La dificultad con estos principios, por supuesto, es que son necesariamente amplios y abiertos a la interpretación.

Echemos un vistazo más de cerca a las cuatro condiciones para una guerra justa, que deben estar todas presentes al mismo tiempo.

En primer lugar, el daño infligido por el agresor debe ser duradero, grave y seguro. Esta declaración asume que el daño es injusto y, por lo tanto, un lado tiene razón y el otro está equivocado. En otras palabras, la guerra puede ser una acción justa para un lado, pero no para el otro.

Esta conclusión se basa en el principio de no contradicción. En realidad, ambos bandos pueden pensar que tienen razón, pero en una guerra verdaderamente justa, solo un bando puede tener razón. De hecho, muchas veces las guerras son injustas y ambos bandos están equivocados.

Además de duradero y grave, el daño debe ser cierto. Hay tres niveles de certeza: subjetiva, moral y absoluta.

Algunos escritores argumentan que solo es necesaria la certeza moral sobre el daño infligido. Sin embargo, la certeza moral es una categoría más adecuada para los casos de nulidad del matrimonio en los que a menudo es imposible llegar a una certeza absoluta sobre la capacidad psicológica de un cónyuge.

Debido a las terribles consecuencias de la guerra, los moralistas más prudentes argumentan que la certeza absoluta sobre el daño infligido y la identidad del agresor debe estar presente antes de lanzar un ataque.

Este primer conjunto de condiciones hace que sea difícil de entender, por ejemplo, cómo podría justificarse un “ataque preventivo” contra un agresor potencial que amenaza con usar armas de destrucción masiva a menos que haya certeza absoluta de que el enemigo realmente posee armas de destrucción masiva. destrucción.

Luego, “todos los demás medios para ponerle fin deben haber demostrado ser poco prácticos o ineficaces”. Una vez más, este principio está abierto a interpretación. Un gobierno impaciente se inclinaría a atacar en lugar de ensayar otra charada de diplomacia con un enemigo astuto.

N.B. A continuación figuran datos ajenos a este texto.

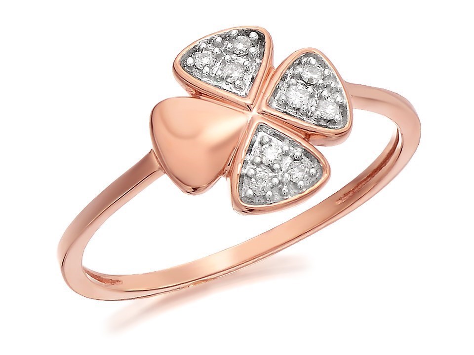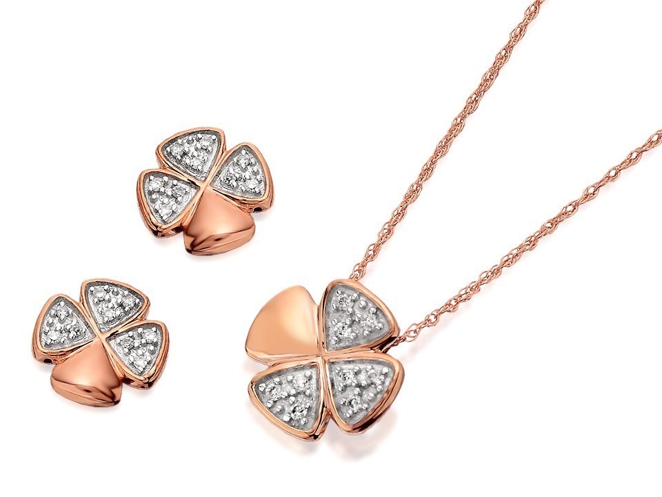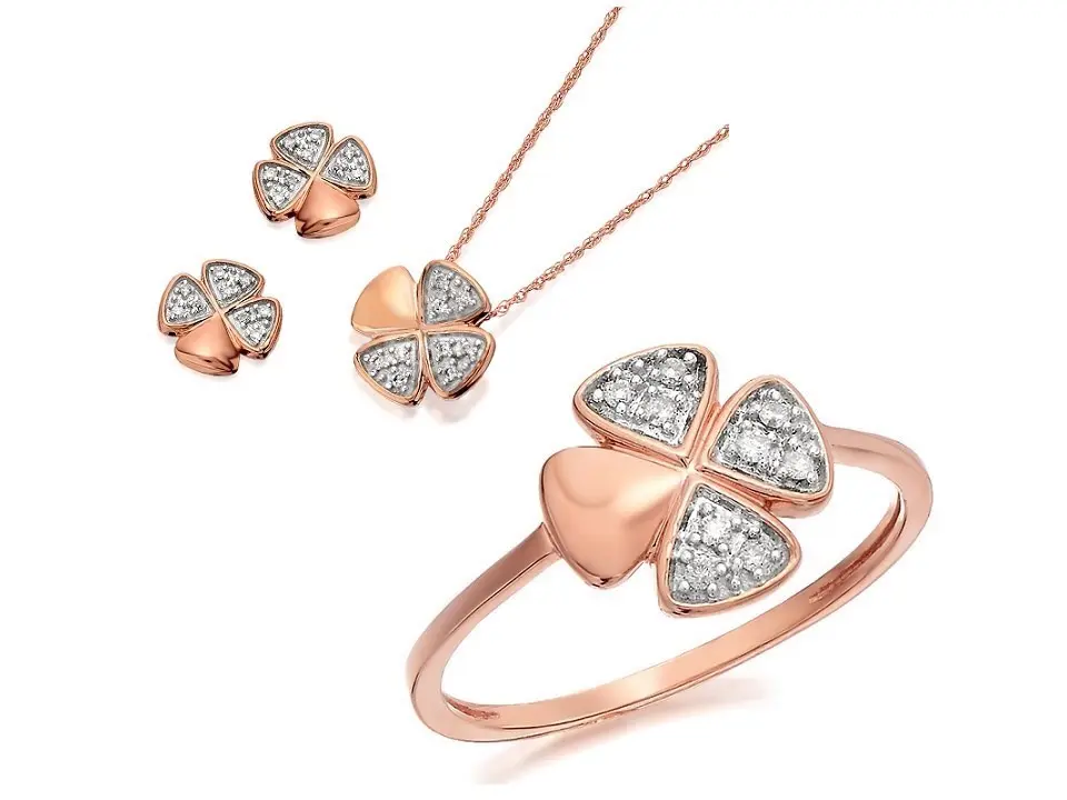 9ct Rose Gold Four Leaf Clover Ring, Earrings And Necklace Gift Set - 15pts - D8604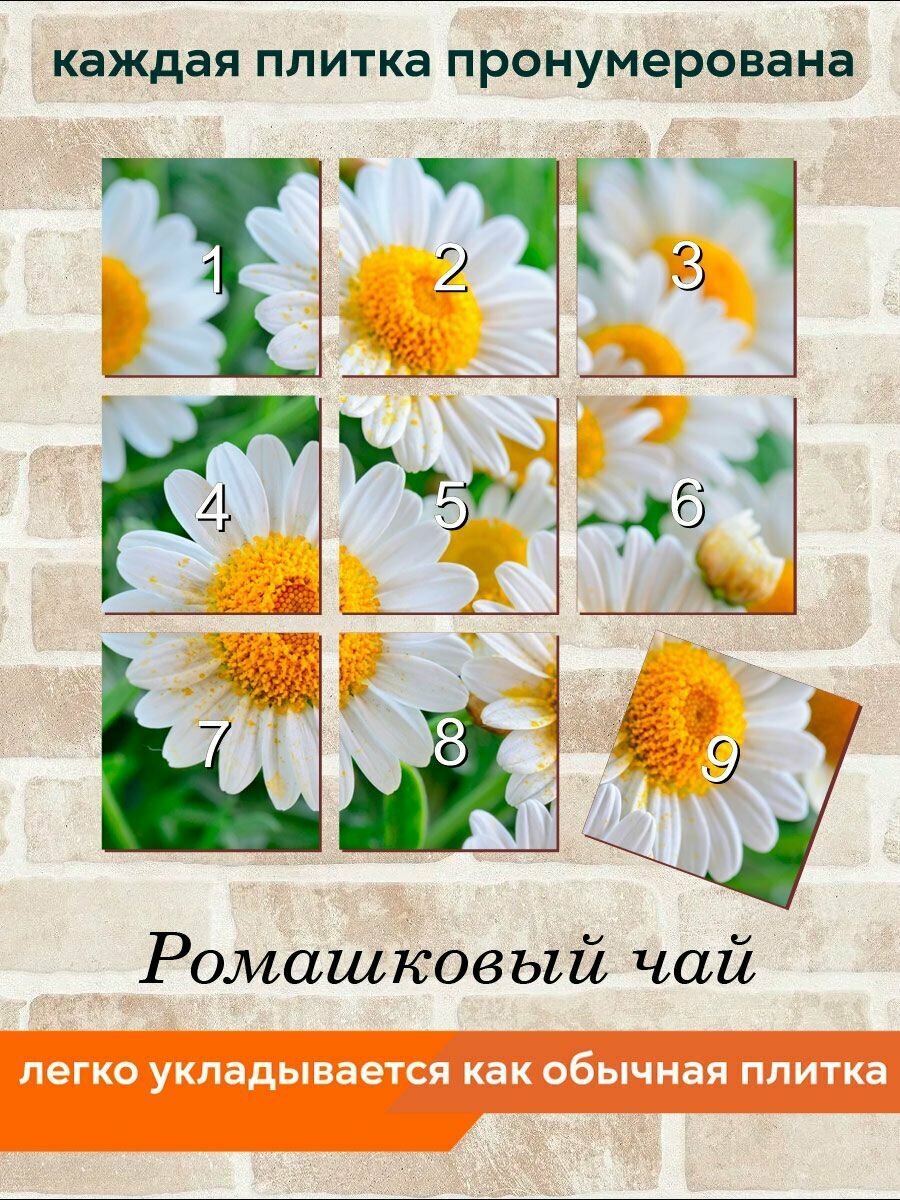 Панно из плитки Fres-co "Ромашковый чай", керамическое, декоративное, полуглянцевое, 60x60 см интересное: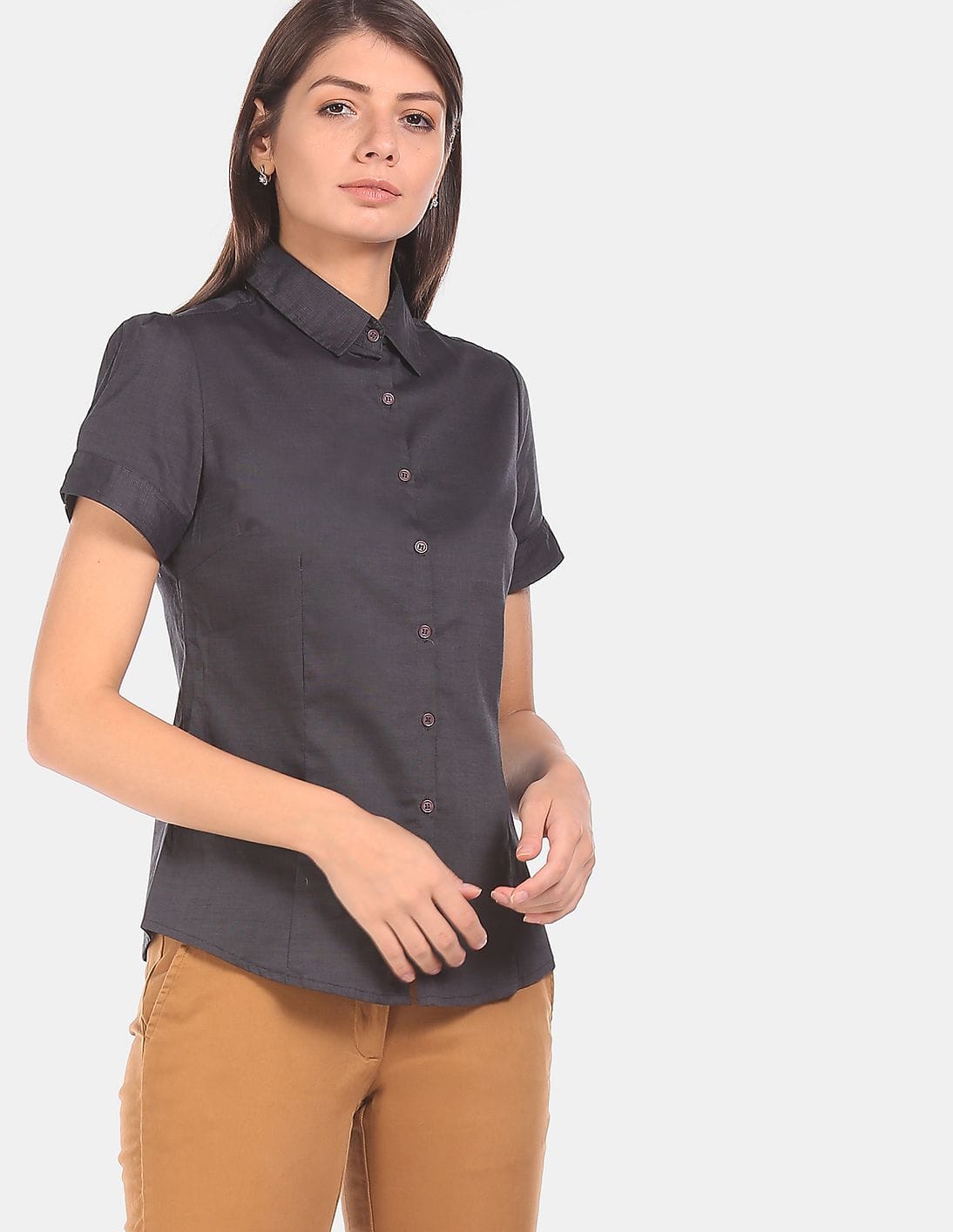 Short Sleeve Solid Cotton Formal Shirt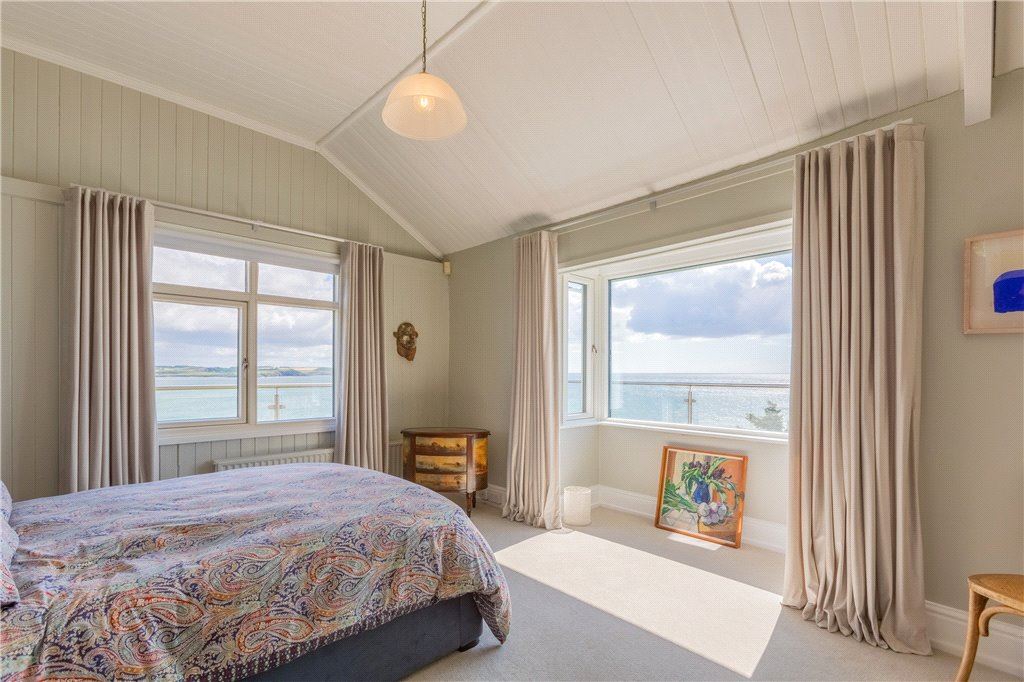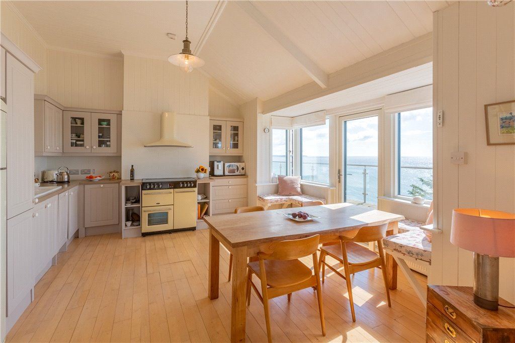 The kitchen is a main feature of this home. With its high, vaulted ceiling, wooden panelling, sea views, and a door out to the deck, it’s a space you would naturally gravitate to. Just off this space, through wide, bi-folding doors is a living room that also enjoys views of the water.

Pero el punto aquí es simplemente este: la guerra es sólo como último recurso.

El tercer principio, «debe haber serias perspectivas de éxito», depende en gran medida de la voluntad de la gente.

Gran Bretaña no tenía muchas esperanzas al comienzo de la Segunda Guerra Mundial, pero los británicos estaban convencidos de que preferirían morir antes que servir a los designios de Hitler. Los colonos estadounidenses estaban potencialmente superados en número y mal armados, pero estaban convencidos de que valía la pena luchar por la libertad.

El cuarto y último criterio (“el uso de las armas no debe producir males y desórdenes más graves que el mal a eliminar”) es quizás el más difícil de cumplir. Eso se debe a que el uso de la fuerza militar a menudo incita al odio y las represalias, lo que lleva a una escalada del conflicto ya una espiral descendente de violencia y degradación.

¿Quién evalúa?

Queda la pregunta de quién tiene la responsabilidad de evaluar estas condiciones, para determinar si una guerra específica es realmente justa. Eso pertenece a quienes tienen la responsabilidad del bien común.

En el caso de los Estados Unidos, tal responsabilidad recae en nuestros funcionarios electos y es una cuestión de juicio prudencial.

Normalmente, no es responsabilidad de la jerarquía de la Iglesia juzgar si un conflicto es justo según estas condiciones, a menos que las circunstancias sean claramente contrarias a las condiciones de una guerra justa. Sin embargo, es responsabilidad de la Iglesia enseñar la verdad e instar a las personas a la reconciliación, la confianza mutua, la cooperación y la solidaridad.

Al proponer estos principios, la Iglesia se encuentra en un terreno moral más alto con una visión histórica más amplia y una comprensión más profunda de la humanidad que los gobiernos seculares. Si los ciudadanos de una democracia en particular están convencidos de que sus funcionarios electos han cometido un error de juicio, tienen la responsabilidad de hacer oír su voz.

El padre Francis Hoffman, JCD, es capellán de la Escuela Preparatoria Northridge en los suburbios de Chicago y colaborador habitual del «Programa Morning Air» de Relevant Radio.